WORK REQUEST: The needed output is the run of lines below from the one containing "12일 건양대 창의융합캠퍼스를" through the one containing "Wie du unten", copied exactly and free of pictures.
[[ EXTRACTED INFORMATION, beginning ]]
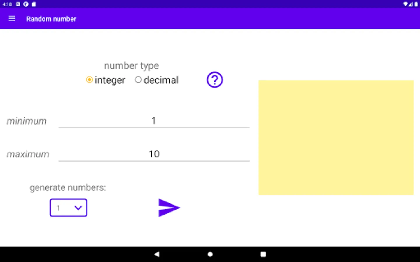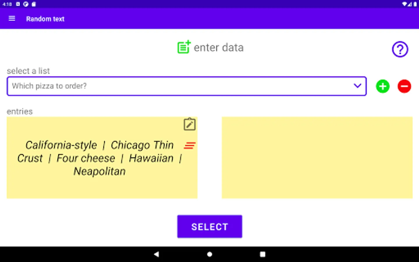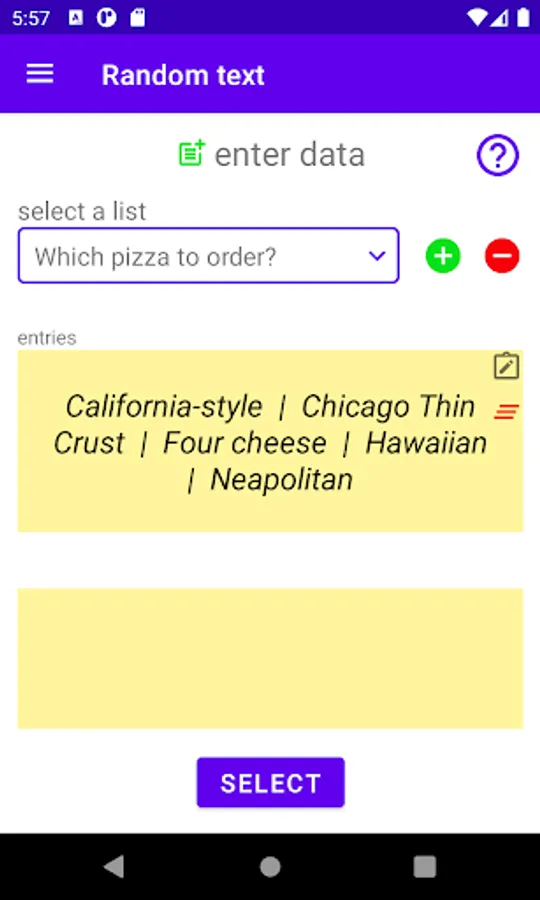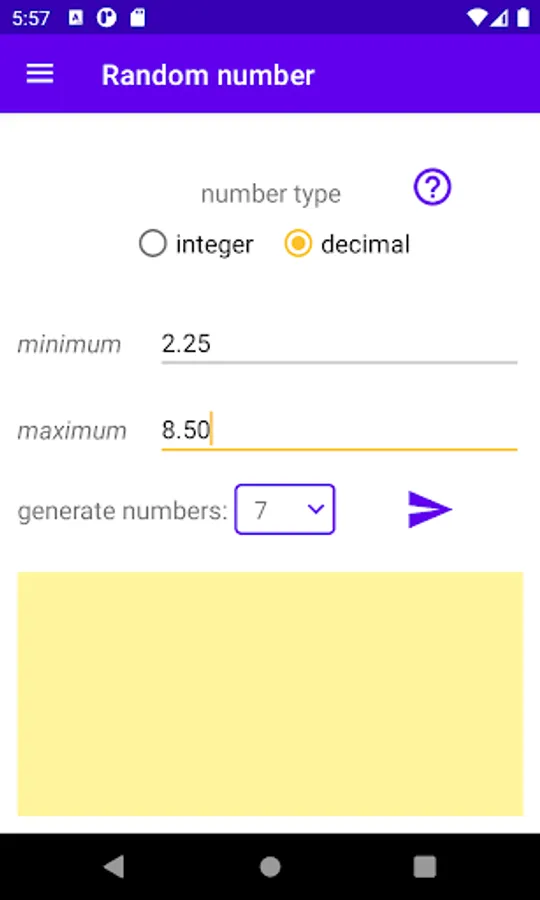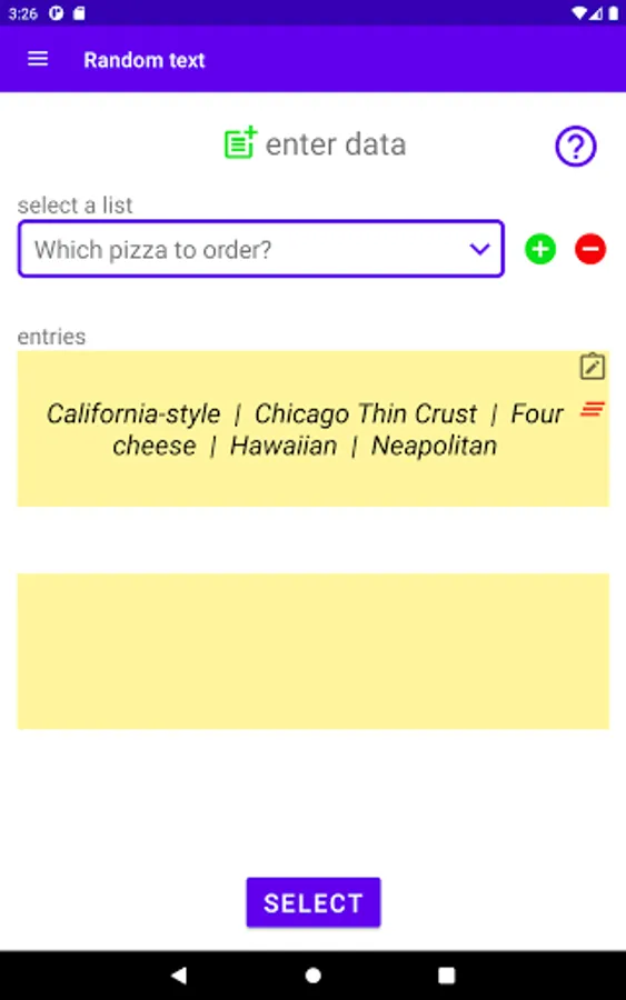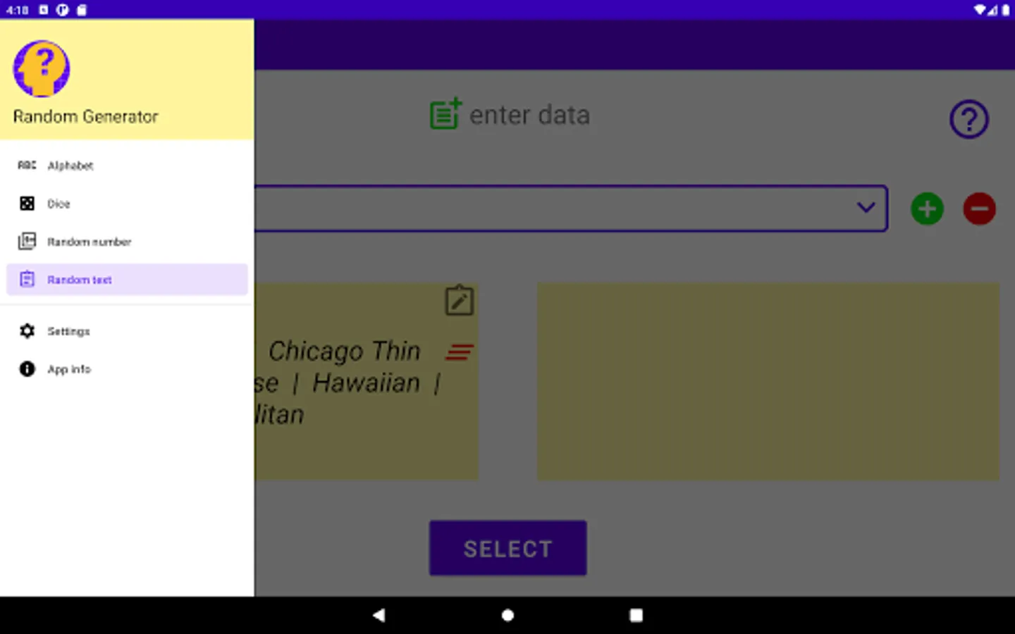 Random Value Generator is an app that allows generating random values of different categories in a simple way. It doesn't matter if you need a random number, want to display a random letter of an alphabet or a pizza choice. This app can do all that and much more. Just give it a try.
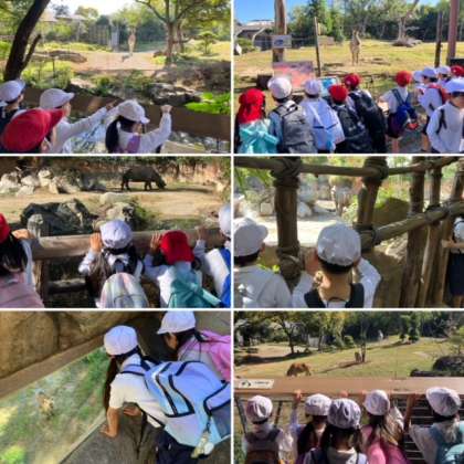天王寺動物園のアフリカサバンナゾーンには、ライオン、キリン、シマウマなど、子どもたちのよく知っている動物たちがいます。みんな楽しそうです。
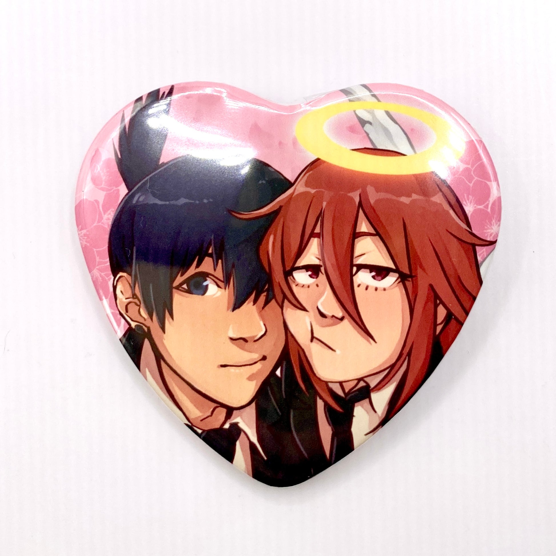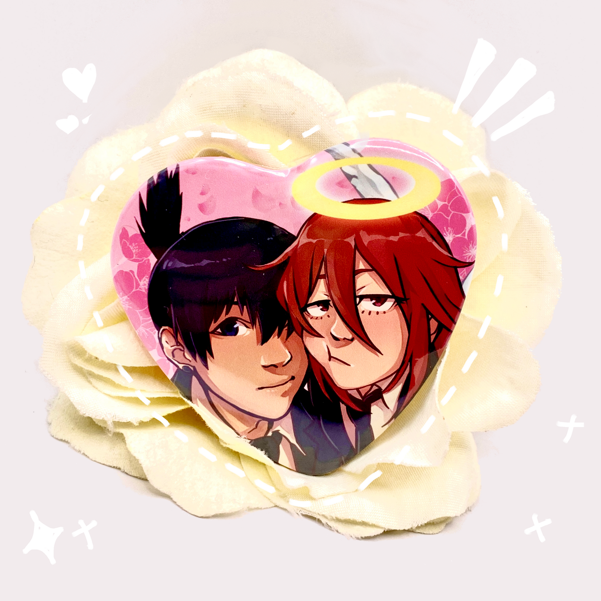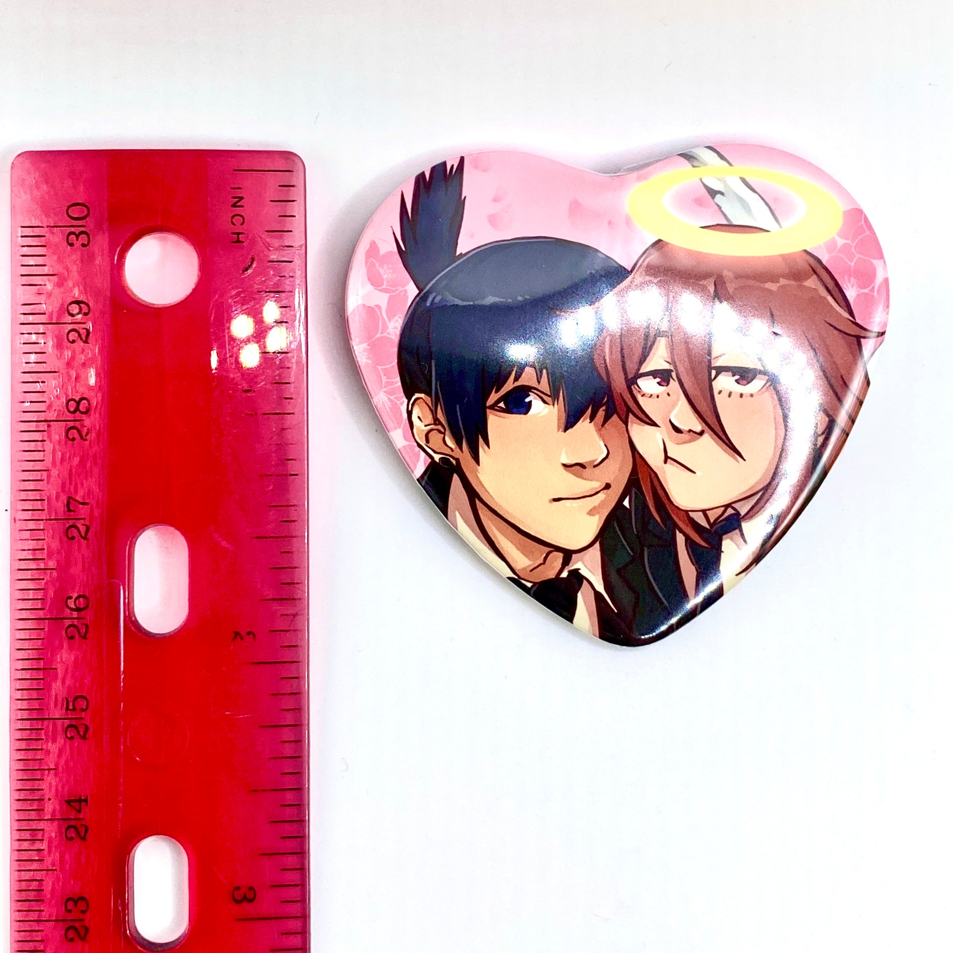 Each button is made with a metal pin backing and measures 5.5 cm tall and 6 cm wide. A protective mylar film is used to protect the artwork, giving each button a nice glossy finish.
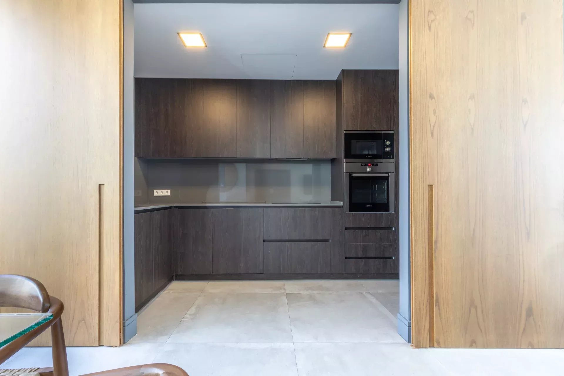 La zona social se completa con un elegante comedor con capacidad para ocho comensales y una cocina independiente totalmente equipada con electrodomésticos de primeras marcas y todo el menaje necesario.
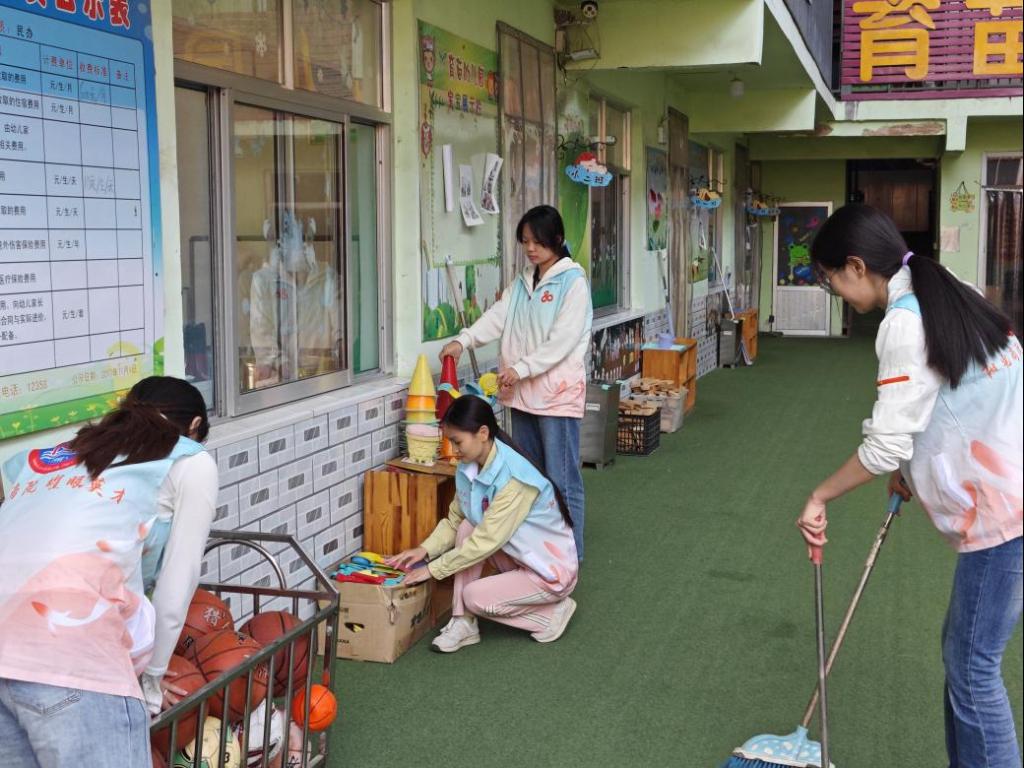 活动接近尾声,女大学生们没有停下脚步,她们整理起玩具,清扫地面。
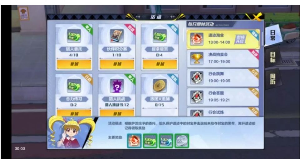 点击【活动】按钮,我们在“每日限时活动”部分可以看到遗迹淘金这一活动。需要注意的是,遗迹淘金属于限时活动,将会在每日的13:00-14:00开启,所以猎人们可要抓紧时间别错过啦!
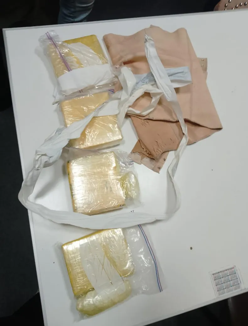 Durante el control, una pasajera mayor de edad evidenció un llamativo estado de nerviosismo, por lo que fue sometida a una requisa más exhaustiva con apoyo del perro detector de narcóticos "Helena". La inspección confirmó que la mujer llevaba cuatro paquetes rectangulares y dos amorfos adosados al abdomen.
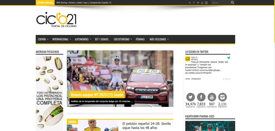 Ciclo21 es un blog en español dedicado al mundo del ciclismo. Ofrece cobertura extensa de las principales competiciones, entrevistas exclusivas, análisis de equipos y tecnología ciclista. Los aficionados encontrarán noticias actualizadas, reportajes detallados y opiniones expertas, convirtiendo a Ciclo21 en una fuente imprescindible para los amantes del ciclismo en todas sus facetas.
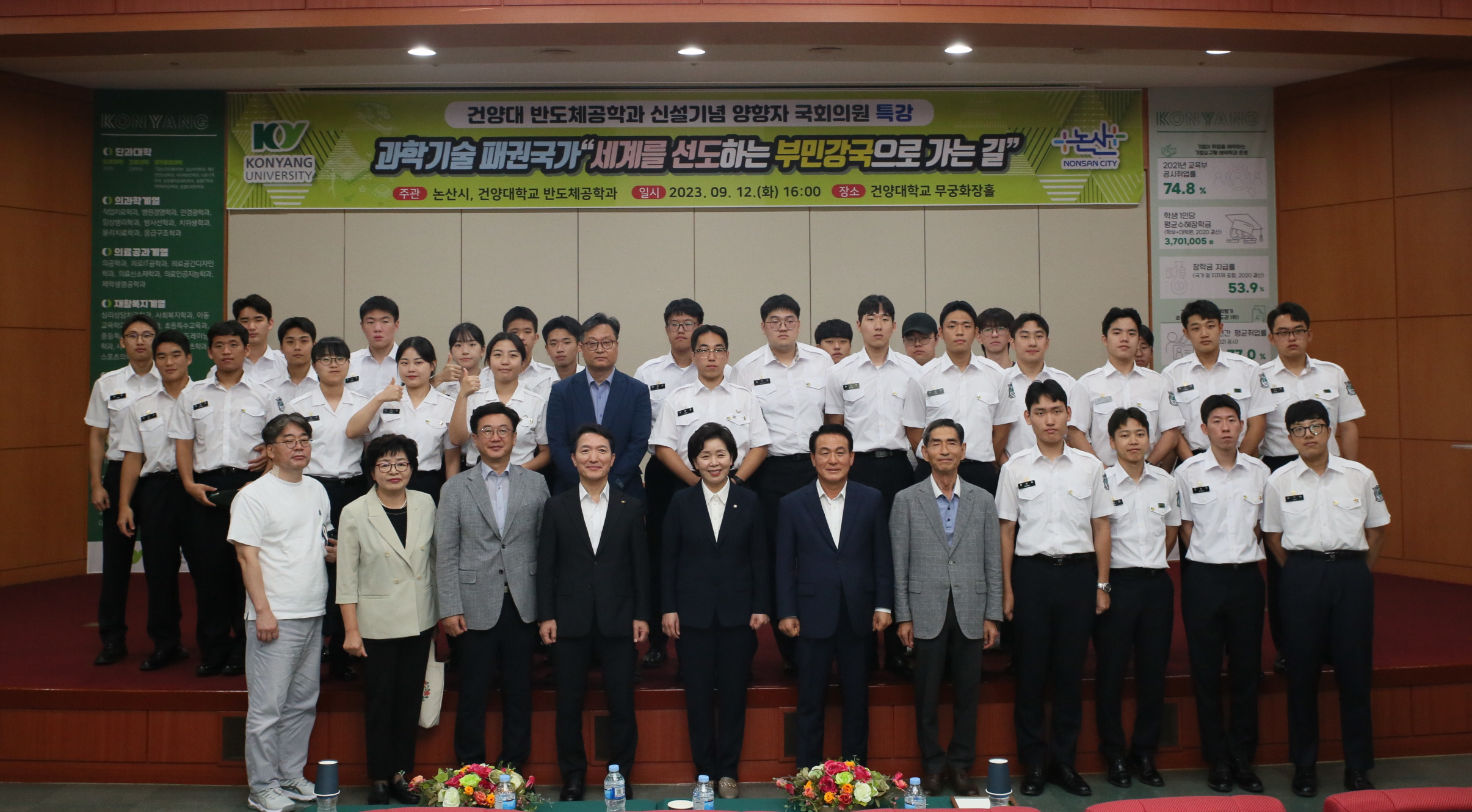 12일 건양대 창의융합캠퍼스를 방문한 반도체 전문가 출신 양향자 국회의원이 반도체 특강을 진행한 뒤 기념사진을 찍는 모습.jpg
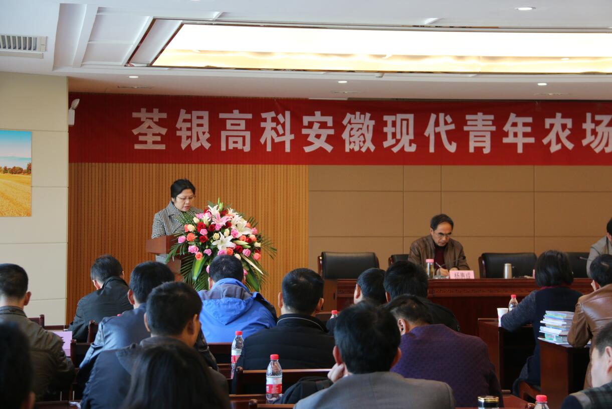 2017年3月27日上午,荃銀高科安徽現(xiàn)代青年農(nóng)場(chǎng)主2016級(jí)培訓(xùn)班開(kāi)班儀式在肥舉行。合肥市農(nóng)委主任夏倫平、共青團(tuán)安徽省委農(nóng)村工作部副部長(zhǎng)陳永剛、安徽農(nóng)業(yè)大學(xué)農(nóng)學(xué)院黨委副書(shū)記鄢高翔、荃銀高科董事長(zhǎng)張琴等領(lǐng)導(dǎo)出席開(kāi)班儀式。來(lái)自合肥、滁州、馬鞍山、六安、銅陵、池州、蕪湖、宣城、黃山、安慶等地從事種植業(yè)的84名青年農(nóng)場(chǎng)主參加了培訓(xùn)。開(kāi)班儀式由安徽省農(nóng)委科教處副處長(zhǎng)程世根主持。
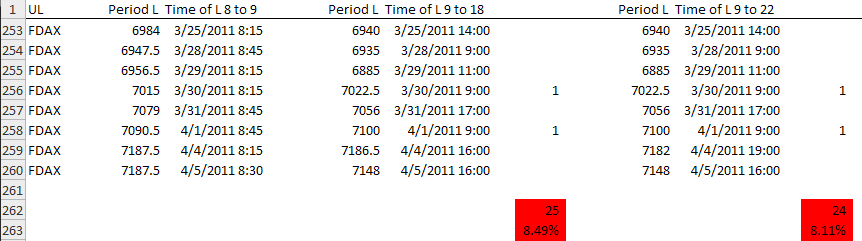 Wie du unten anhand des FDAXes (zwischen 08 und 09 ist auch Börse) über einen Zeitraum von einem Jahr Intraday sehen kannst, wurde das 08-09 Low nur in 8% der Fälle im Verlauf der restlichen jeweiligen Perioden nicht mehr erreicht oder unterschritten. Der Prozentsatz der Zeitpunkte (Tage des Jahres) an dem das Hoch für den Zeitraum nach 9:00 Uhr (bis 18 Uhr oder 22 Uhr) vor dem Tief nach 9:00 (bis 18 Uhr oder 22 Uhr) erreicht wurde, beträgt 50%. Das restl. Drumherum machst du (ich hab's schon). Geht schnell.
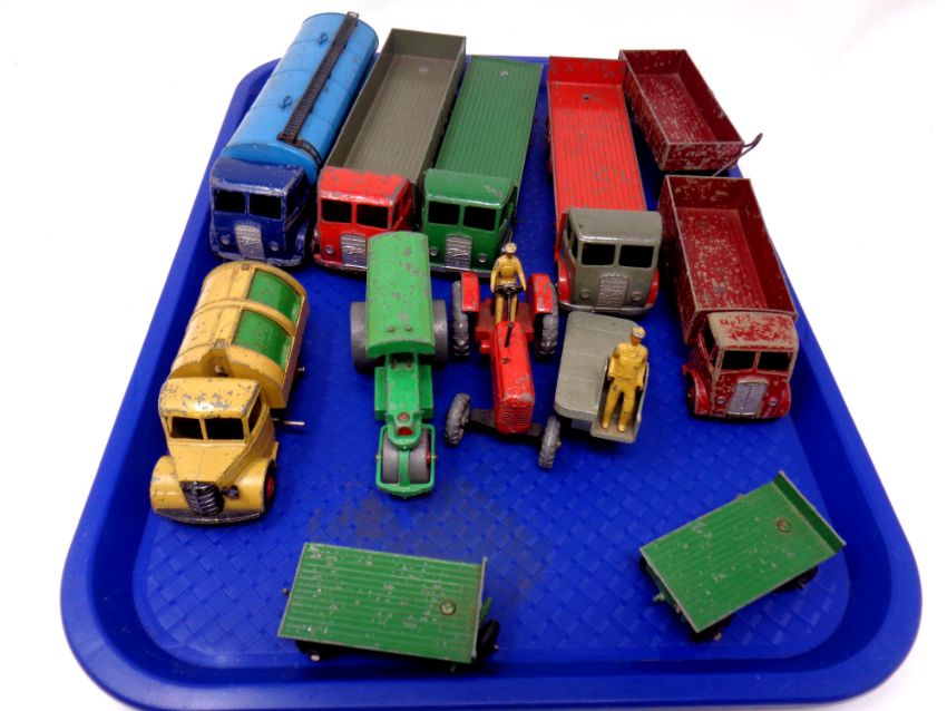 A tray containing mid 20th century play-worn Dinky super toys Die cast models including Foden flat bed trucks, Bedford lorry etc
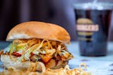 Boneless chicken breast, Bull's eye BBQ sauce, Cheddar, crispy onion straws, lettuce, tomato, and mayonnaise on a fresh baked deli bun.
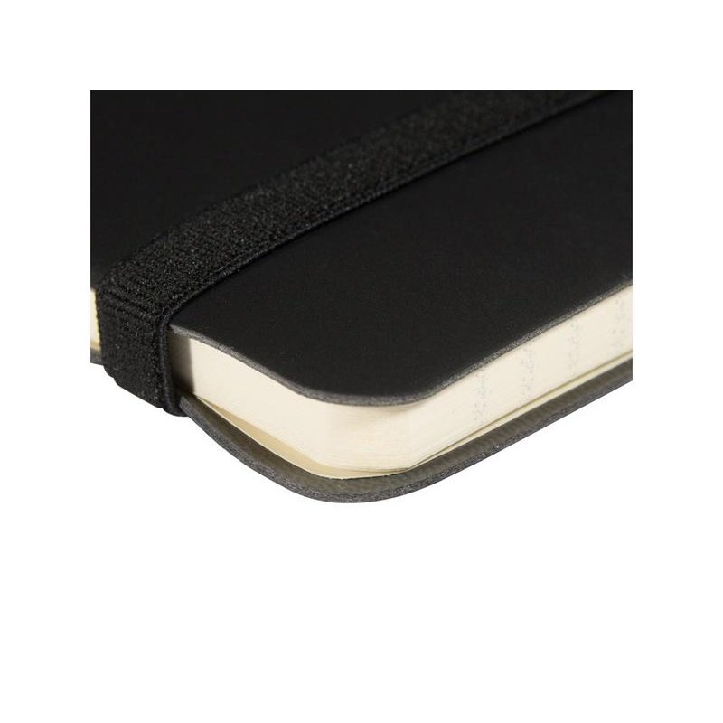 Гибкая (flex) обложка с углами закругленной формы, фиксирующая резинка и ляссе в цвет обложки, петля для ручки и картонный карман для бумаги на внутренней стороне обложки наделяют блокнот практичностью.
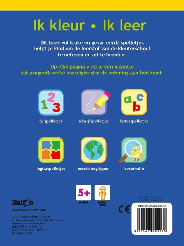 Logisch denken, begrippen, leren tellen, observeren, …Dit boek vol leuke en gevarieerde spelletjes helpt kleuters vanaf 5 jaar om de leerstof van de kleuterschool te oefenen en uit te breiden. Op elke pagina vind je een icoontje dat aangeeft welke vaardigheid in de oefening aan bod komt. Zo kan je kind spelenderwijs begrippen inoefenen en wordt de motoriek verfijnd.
[[ EXTRACTED INFORMATION, end ]]
THE COMPLETED TASK:
 12일 건양대 창의융합캠퍼스를 방문한 반도체 전문가 출신 양향자 국회의원이 반도체 특강을 진행한 뒤 기념사진을 찍는 모습.jpg
 2017年3月27日上午,荃銀高科安徽現(xiàn)代青年農(nóng)場(chǎng)主2016級(jí)培訓(xùn)班開(kāi)班儀式在肥舉行。合肥市農(nóng)委主任夏倫平、共青團(tuán)安徽省委農(nóng)村工作部副部長(zhǎng)陳永剛、安徽農(nóng)業(yè)大學(xué)農(nóng)學(xué)院黨委副書(shū)記鄢高翔、荃銀高科董事長(zhǎng)張琴等領(lǐng)導(dǎo)出席開(kāi)班儀式。來(lái)自合肥、滁州、馬鞍山、六安、銅陵、池州、蕪湖、宣城、黃山、安慶等地從事種植業(yè)的84名青年農(nóng)場(chǎng)主參加了培訓(xùn)。開(kāi)班儀式由安徽省農(nóng)委科教處副處長(zhǎng)程世根主持。
 Wie du unten anhand des FDAXes (zwischen 08 und 09 ist auch Börse) über einen Zeitraum von einem Jahr Intraday sehen kannst, wurde das 08-09 Low nur in 8% der Fälle im Verlauf der restlichen jeweiligen Perioden nicht mehr erreicht oder unterschritten. Der Prozentsatz der Zeitpunkte (Tage des Jahres) an dem das Hoch für den Zeitraum nach 9:00 Uhr (bis 18 Uhr oder 22 Uhr) vor dem Tief nach 9:00 (bis 18 Uhr oder 22 Uhr) erreicht wurde, beträgt 50%. Das restl. Drumherum machst du (ich hab's schon). Geht schnell.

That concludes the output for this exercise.